IN the late 1860s, when John Lavery ran away to Glasgow, he was so poor that he scavenged scraps of food from the streets and washed them in fountains. By the age of 32, he had won a gold medal at the Paris Salon and been commissioned to paint Queen Victoria. He would become a Society portraitist of international renown, whose cosmopolitan lifestyle echoed that of his patrons.
As Lavery scholar Kenneth McConkey has observed, it seems the artist lived more than one life. This is a theme of the new exhibition Prof McConkey has co-curated. 'Lavery. On Location' takes us from Ireland to California, encountering along the way Lavery the French naturalist, the Glasgow Boy, the Orientalist; Lavery the war artist and Irish mediator; Lavery the painter of portraits, landscapes and historical events; and Lavery the globetrotting observer of modern life.
It's an impressive trajectory for the son of a failed wine merchant from Catholic Belfast. Orphaned when he was three, Lavery lived on his uncle's Ulster farm until, aged 10, he was shipped off to Ayrshire to stay with another relation who ran a pawn shop.
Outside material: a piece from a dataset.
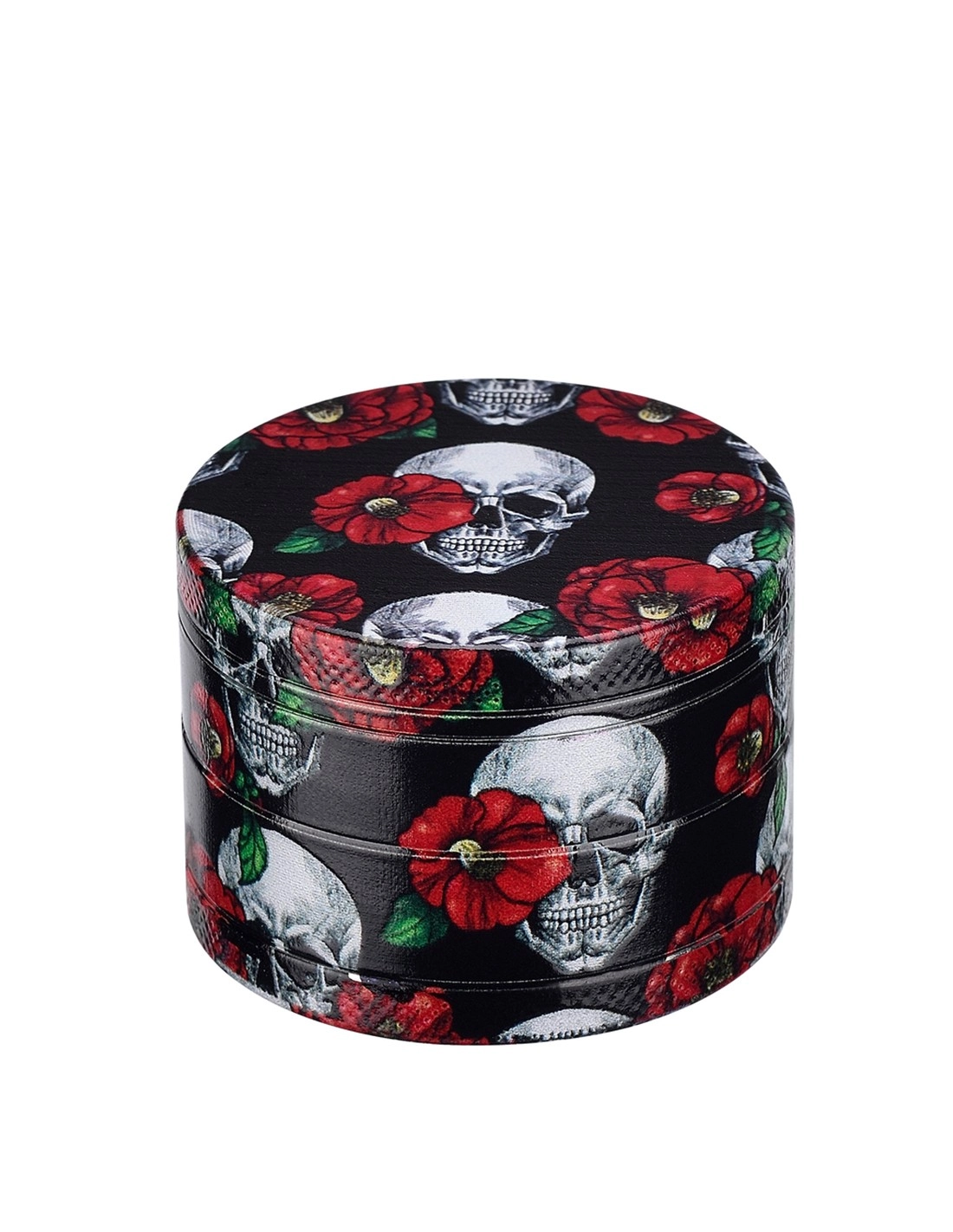 Grinder mit 50 mm Durchmesser aus Metall mit 4 Fächern, von denen eines zum Auffangen der Pollen Ihrer Lieblingskräuter dient und mit Totenköpfen und Rosen verziert ist.

He escaped to Glasgow, where he shared dosshouse mattresses, ate at food depots and took menial jobs. Familiar only with gaudy lithographs, he became obsessed by drawing, for which he was given 'the first words of encouragement I had ever known'. He got an apprenticeship colouring photographs, attended classes at the Glasgow School of Art and, in about 1876, set himself up as an artist.
Lavery was pleased when his studio burnt down, as the insurance payment enabled him to pursue his studies in London and Paris. He later regretted that his lack of French hampered any chances of getting immersed in the Parisian art scene, although he claimed to have had a painting hung beside Manet's Bar at the Folie Bergères at the 1883 Paris Salon.